Review of 118 studies: CTGAN and other generators help with rare-disease data scarcity
An MDPI-published scoping review (Nov. 10, 2025) synthesizing 118 studies finds synthetic data is increasingly used to address a core bottleneck in rare-disease research: small, fragmented datasets that limit analysis and model training. Across the surveyed literature, the review highlights both classical augmentation approaches and deep generative methods—explicitly including Conditional GANs such as CTGAN—as practical tools to expand datasets and support more robust modeling.

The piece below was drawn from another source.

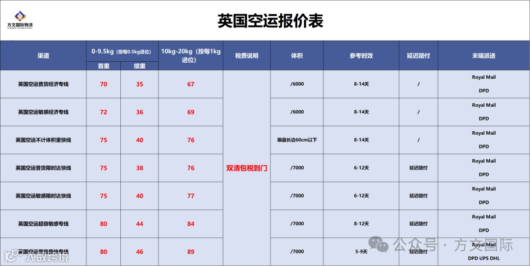 1、英国,加拿大空运新增优化渠道。细分经济路线和限时达路线,以及不计费体积重渠道等2、美国海运按邮编细分价格,英国海运调整重量区间3、英国、加拿大、欧洲空运上调运费 详情咨询联系客服: 13923471315

The review also flags a key risk: synthetic records that look “right” statistically can still be biologically implausible. It emphasizes biological plausibility validation as a required step so generated data remains clinically meaningful, rather than becoming a high-volume source of subtle artifacts that distort downstream findings.
- For ML teams: synthetic data can help stabilize training and evaluation in low-N settings, but only if you validate that generated features preserve clinically plausible relationships—not just marginal distributions.
- For privacy and governance: “more data” is not automatically safer or better; generation should be paired with documented utility and plausibility checks to reduce the chance of harmful, misleading outputs entering research pipelines.
- For product and research leads: the review reinforces a pragmatic path to progress in rare disease: combine augmentation and generative modeling to widen cohorts, while treating plausibility testing as a gating control before analysis or model release.